Looks like fun :thumbu:


----------



## Luti-Kriss (Dec 23, 2009)

How do your tiels like the bungee ropes? I was thinking of getting one for my birds so they have somewhere high to sit where they can look out my window. Lol.


----------



## Renae (Feb 9, 2008)

Awesome set-up! I'm in the process of putting up stuff in my bird room.


----------



## AlbyPepper (Apr 3, 2010)

That's brilliant. I just have to wait for one of the kids to move out of home so I can have a bird room too!


----------



## roxy culver (May 27, 2010)

That is sooo cool!!! Can't wait till I have a house to have a bird room!


----------



## dude (Mar 29, 2010)

Hahaha and I thought my birds were spoilt ! Wow! Looks like tons of fun. My birds wouldn't want to go back to their cage if they had all that!

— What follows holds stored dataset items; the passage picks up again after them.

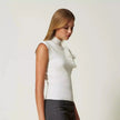 ACTITUDE TWINSET TOP in white cotton without sleeves and with bed. Featuring a draped design and an eccentric flower applied on the shoulder, this top is ready to be shown off for an aperitif with friends. Wear it with a skirt or classic trousers.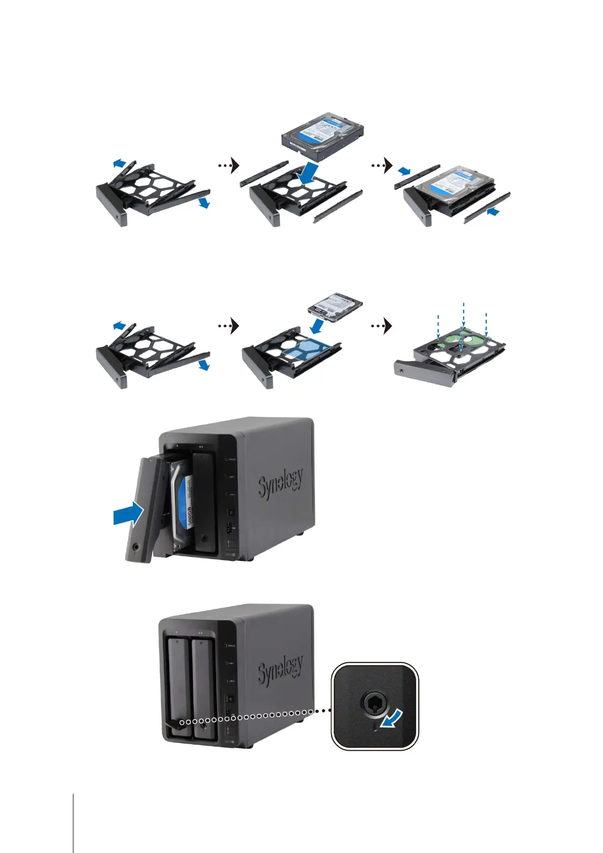 tray. Then insert the fastening panels to secure the drive in place.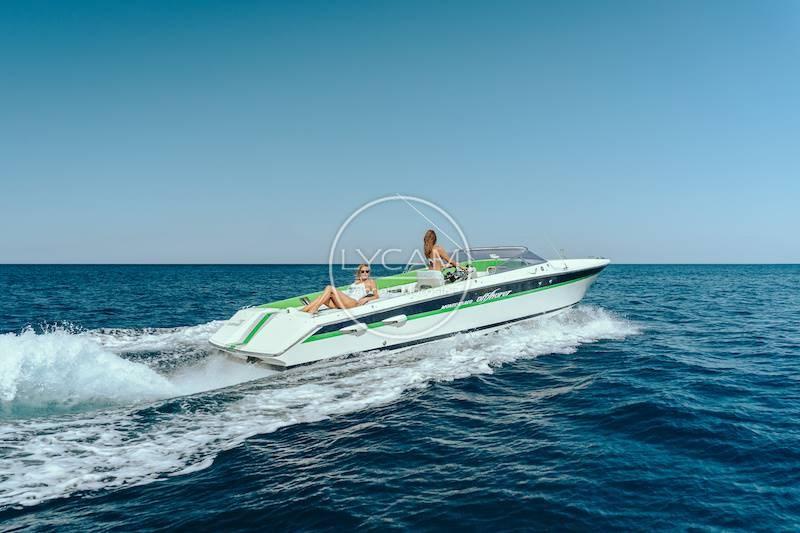 The unmistakable MonteCarlo Offshorer logo strongly evokes the concept of speed and at the same time recalls the glittering years of the "Dolce Vita" on the Côte d'Azur. Today it is still considered one of the most elegant boats ever designed with the hull and waterlines that are still considered the best ever designed today, allowing for great maneuverability, seaworthiness and very high speeds even in rough seas.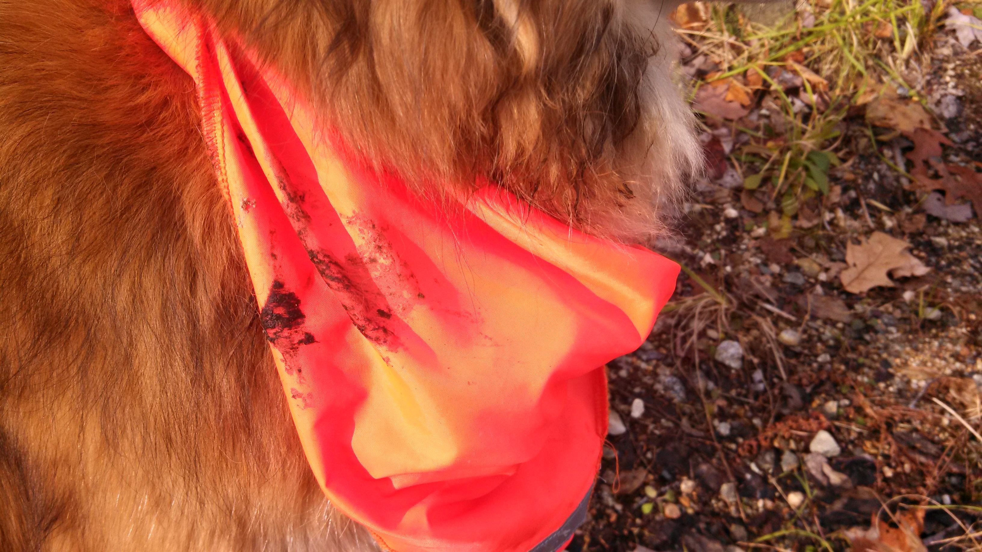 The next day, he came back from somewhere with black, sticky, smelly something all over his neck, shoulder, and ruff.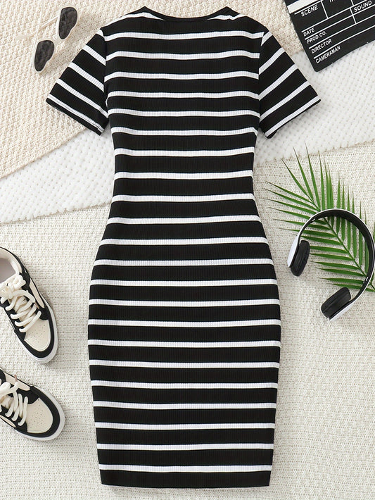 Teen Girls Fashion NEW YORK Letter Print Allover Stripe Dress Short Sleeve Crew Neck Casual Dress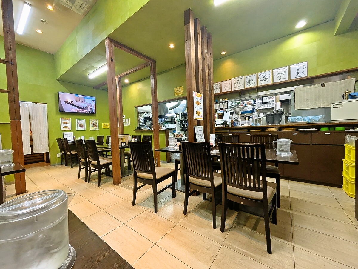 店内は清潔で明るく、テーブル席がゆったり配置され、家族連れや一人客も気軽に利用できる雰囲気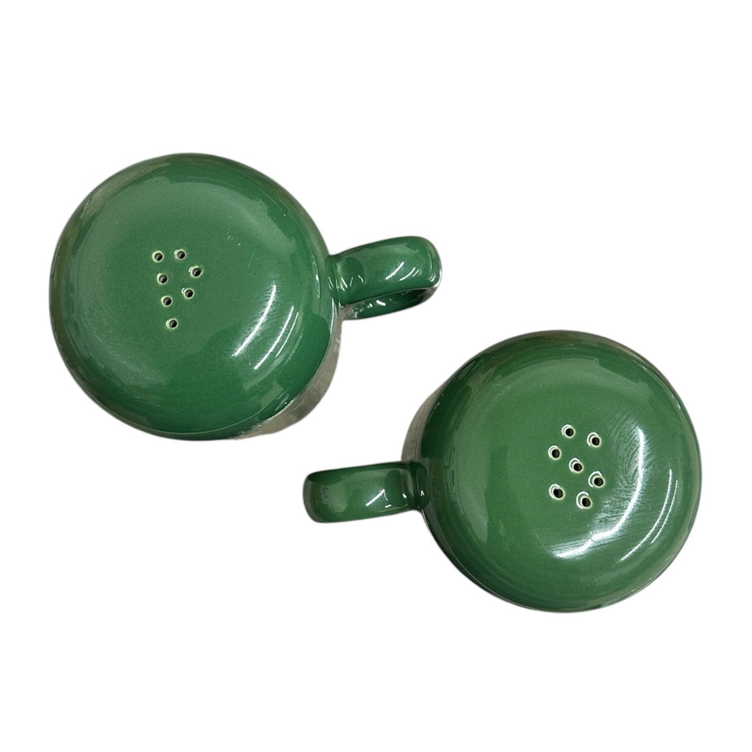 This is a set of Rangetop Salt and Pepper Shakers by Homer Laughlin Fiestaware in the color Jade; a beautiful shade of dark green! These shakers measure 4.5in tall with a 3in diameter. Made of ceramic and coated in a colorful lead-free glaze, these shakers are microwave, dishwasher, and oven safe! Each piece of our fiestaware is brand new and never used, please keep in mind that fiesta is pottery therefore some pieces may have minor imperfections that naturally occur during production. Add these shakers to your collection today!!!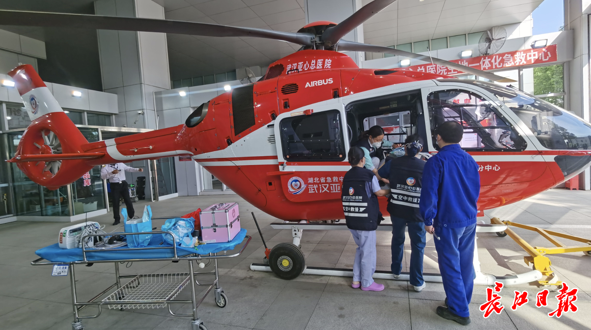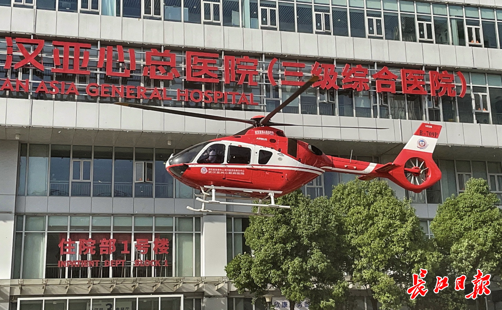 8时10分左右,记者在武汉亚心总医院门口看到,一架红白相间的医疗救援直升机飞机滑出到医院大楼前的空地上,准备起飞。在螺旋桨的轰鸣声中,直升机升起。据介绍,直升机在楼顶停机坪上短暂停留,搭载医护人员后飞往十堰。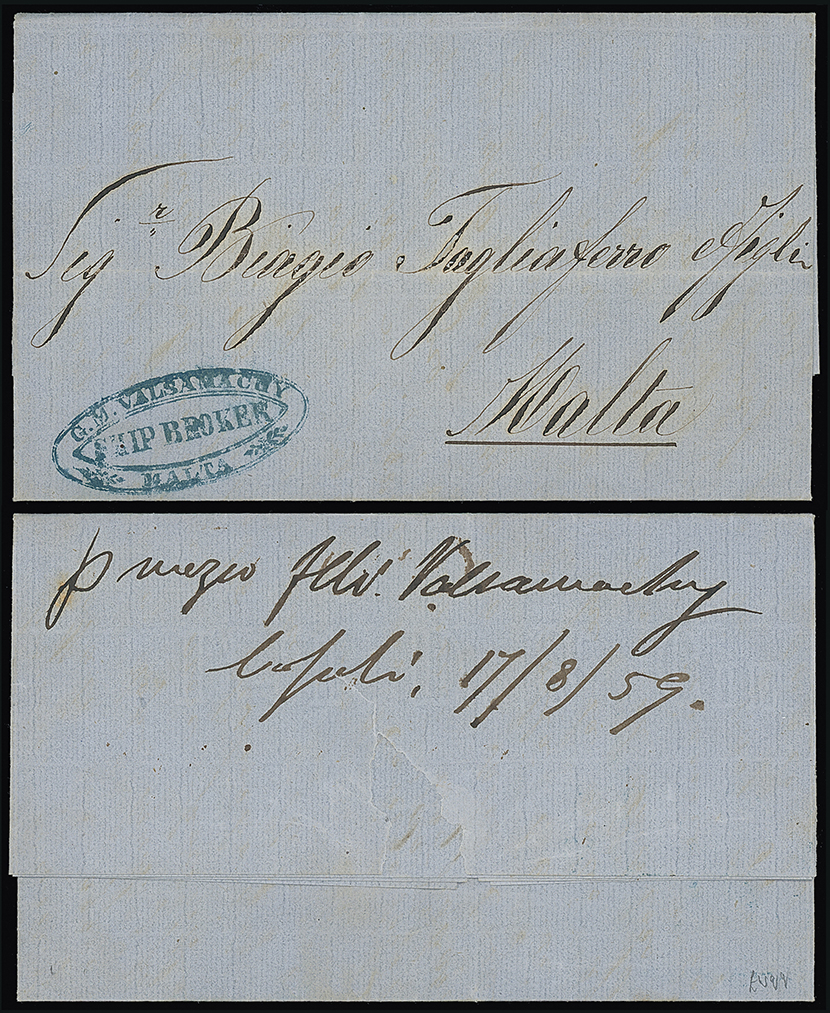 BROKERS/MALTA” forwarding agents’ cachets in blue-green and neither with postal markings. (2 items) (Image1)

i`ll have to move houses to get a whole room just for my birds.

Looks like so much fun I wish I could play in there.

Nice !


Better not let my 2 see this or else they might demand a room to themselves too.


----------



## allen (Aug 25, 2007)

what bird would not like that it is a play ground heaven for birds


----------



## missm (Jun 14, 2010)

That is awesome!!! I can't wait to have a house that I can have a set up like that


----------



## Nimfa (Jul 26, 2009)

That's awesome! I hope some day I'll be able to set up some room for my flock.


----------



## ShakeQPC (Jun 26, 2010)

All you need to do now is build on a conservatory for them like an Avery! How many toys in a cage is too many? I want Sarvey to have room to stretch his wings but don't want him to get bored. I will be beginning out of cage training on Monday! So exciting.


----------



## liltweets (Oct 31, 2008)

Thanks everyone, they're loving it. 




Luti-Kriss said:


> How do your tiels like the bungee ropes? I was thinking of getting one for my birds so they have somewhere high to sit where they can look out my window. Lol.

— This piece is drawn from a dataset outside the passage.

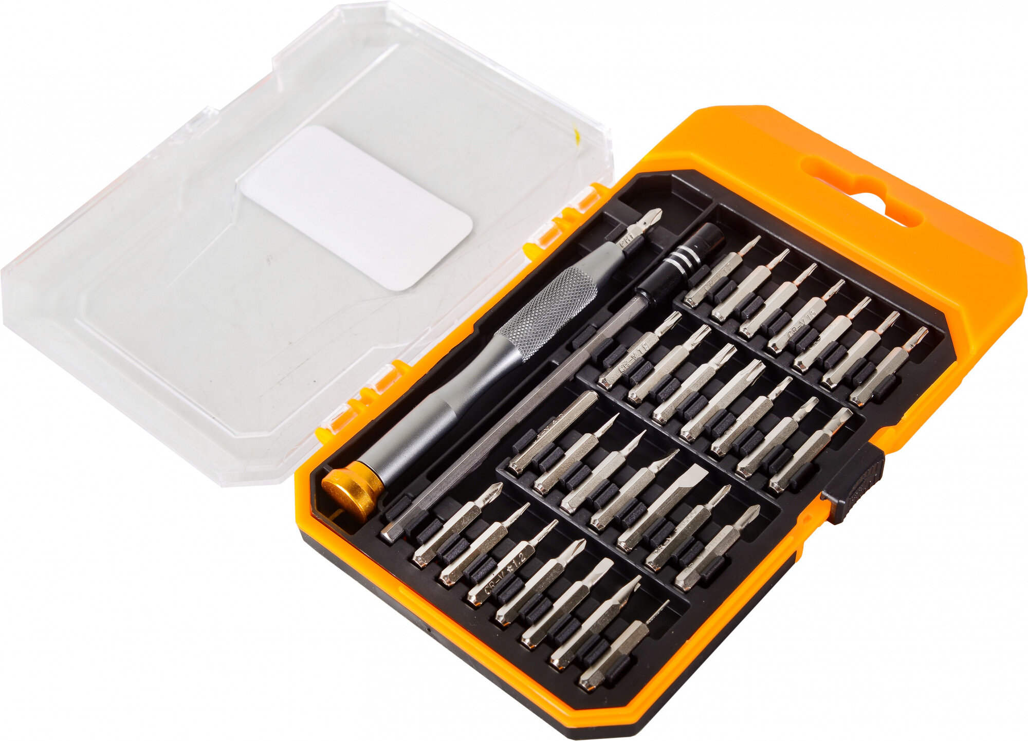 | Комплектация | Рукоятка, Удлинитель, Биты H1.5, H2, H3, H4, Биты PH000, PH00, PH0, PH1, Бита SL4, Биты T2, T3, T4, T5, T6, T7, T8, T9, T10, T15, T20, Бита Tri-Wing 1, Бита двухштырьковая 2.6, Бита трехгранная 2.3, Биты SL1.5, SL2, SL3, SL4, Биты TS0.8, TS1.2, Кейс |

The boings seem to be my 'tiel's favorite, my budgies prefer the orb swings.



ShakeQPC said:


> All you need to do now is build on a conservatory for them like an Avery! How many toys in a cage is too many? I want Sarvey to have room to stretch his wings but don't want him to get bored. I will be beginning out of cage training on Monday! So exciting.


That would be nice, I love to build a room onto that one. No $ for that. 
Yes, you want them to have room to move. I switch out toys every week or 2 so they don't get bored. Good luck with your training.


----------